Mistressiggi · 30/12/2021 11:02

All true, Nellodee

LittleBearPad · 30/12/2021 11:05

@rrhuth

I have just seen this tweet saying that if 1 in 40 people have covid, the basic masks suggest we could be 15,000 teachers short:

twitter.com/VixL/status/1476322321321312257

The logistics are ridiculous.

But this is just simplistic nonsense. It doesn’t help anything as it’s patently unlikely to happen. It doesn’t help your case.
noblegiraffe · 30/12/2021 11:16

What's unlikely to happen?

We had 12,580 teachers absent from state schools on 8th December for covid-related reasons.

Bizawit · 30/12/2021 11:22

The solution is to stop all this testing and isolation. If you are feeling sick, you stay home from work until you are feeling better, at which point you return to work, as per any other illness/ virus. Simple.

noblegiraffe · 30/12/2021 11:23

But the government have said that they don't intend to reduce isolation, so they really should be saying what they intend to do to stop the country falling over under the weight of cases.

MilesJuppIsMyBitch · 30/12/2021 11:25

Just wanted to pop on to say to @MaybeHeIsMyCat , you DO matter, and of course government policy should include you, not discount you because you are a 'tiny minority' Xmas Angry

JohnHuffam1812 · 30/12/2021 11:29

"Patently unlikely to happen"

Already has.

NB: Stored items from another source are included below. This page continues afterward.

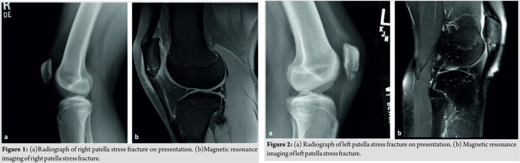 Conclusion: This case report illustrates how patella stress fractures may be successfully treated conservatively, even when presenting with a radiographic fracture line. This varies from other forms of stress fractures where surgical fixation is recommended once radiographic fracture line is noted. This is likely due to the abundant blood supply in the region, which allows for healing.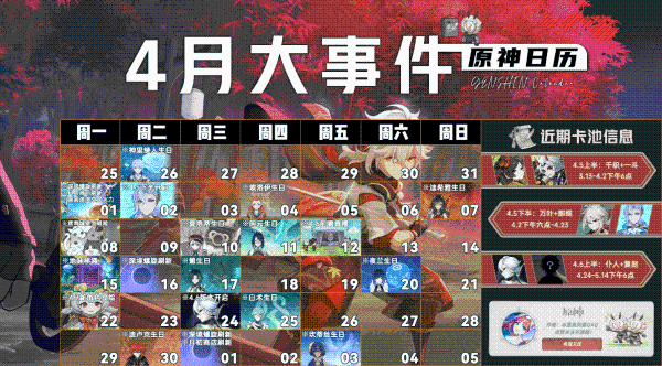 4月份即将到来,那么《原神》在4月份中都有哪些活动呢?下面是由“冰是真的菜QAQ”为大家带来的《原神》2024年4月活动一览,希望可以帮助到大家。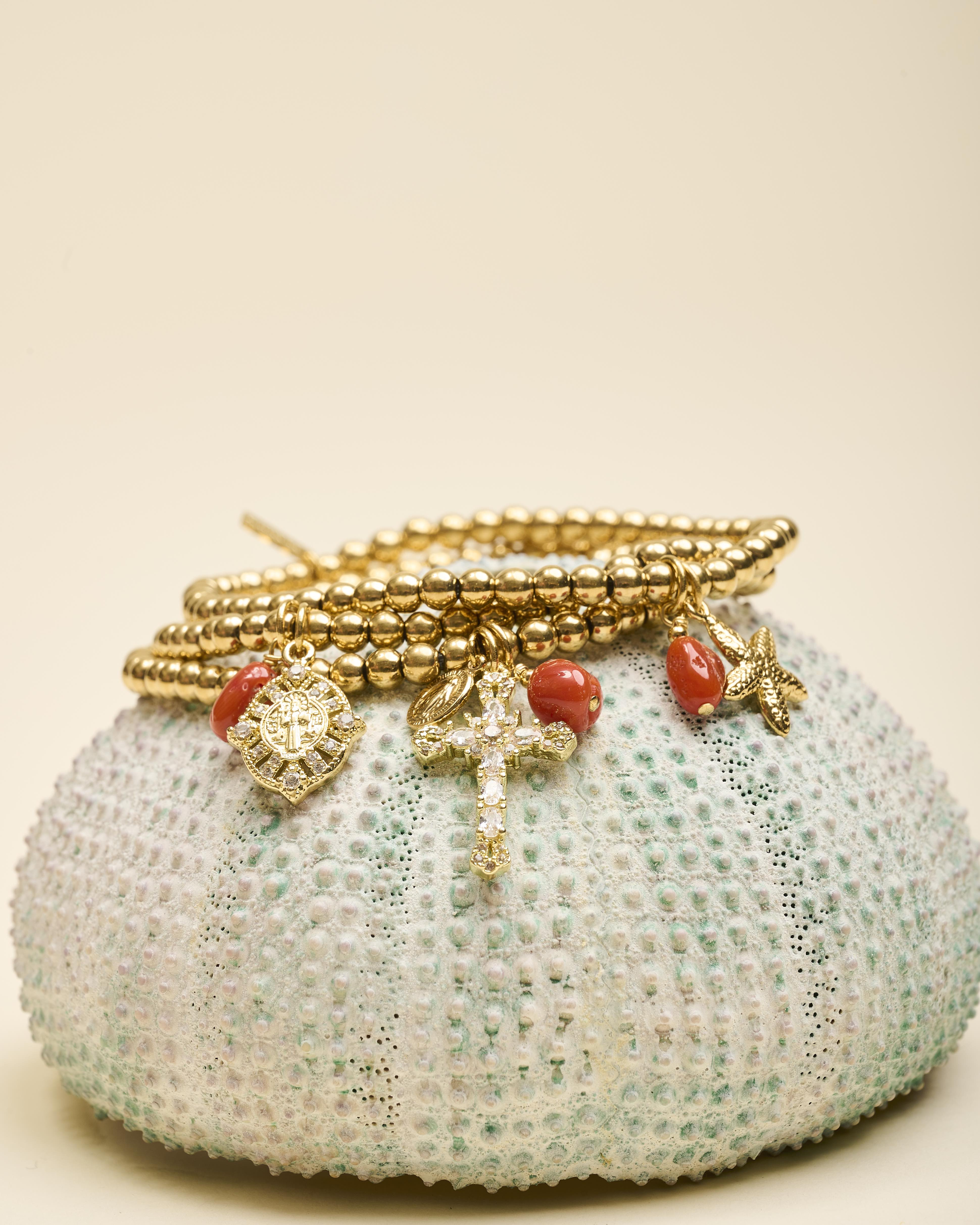 Le bracelet ROXY CORAIL VIERGE est composé de petites perles en acier inoxydable doré montées sur un élastique avec un délicat pendentif ovale cerclé d'oxyde au motif central vierge et une perles en corail bambou. Ce bijou au style minimaliste et précieux apporte une touche lumineuse et symbolique.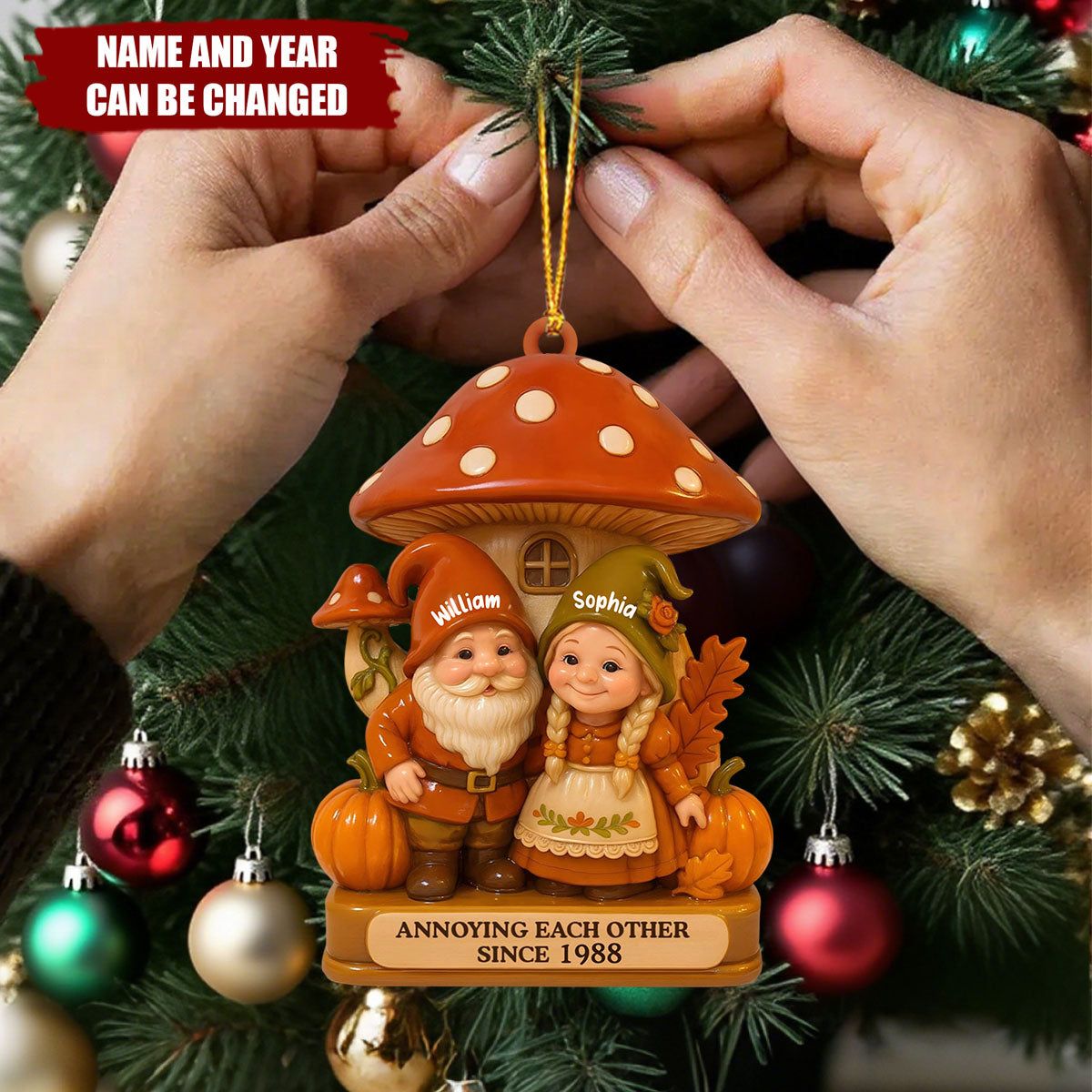 Mushroom House And Dwarf - Personalized Wooden Ornament

Stop denying.

Madhairday · 30/12/2021 11:40

@crazyjinglist

They prefer to do nothing OP and let us argue it out amount ourselves.

Arguing about it isn't compulsory. Get vaccinated, take sensible precautions, take a test when appropriate.

It sounds as if most of the people hospitalised with covid are either unvaccinated or were in hospital for something entirely unrelated and tested positive while there (probably mostly with mild symptoms, as that's what most get).

70% being treated for Covid, not just with, on last report. This article also shows how those 'just with' covid also add to the issue - it's so much more nuanced than simply 'butwithnotof'.

www.theguardian.com/world/2021/dec/29/how-can-we-measure-the-true-scale-of-uk-covid-hospital-admissions?CMP=Share_AndroidApp_Other

TillyTopper · 30/12/2021 11:45

I think they should stop with the constant commentary. What really matters is the number of deaths from CV19 (not with), and they should do a comparison with this and deaths from other major causes. That would soon put the figures in perspective. Many people are taking what are over the top precautions in my view for no more than a common cold if you're triple vaccinated.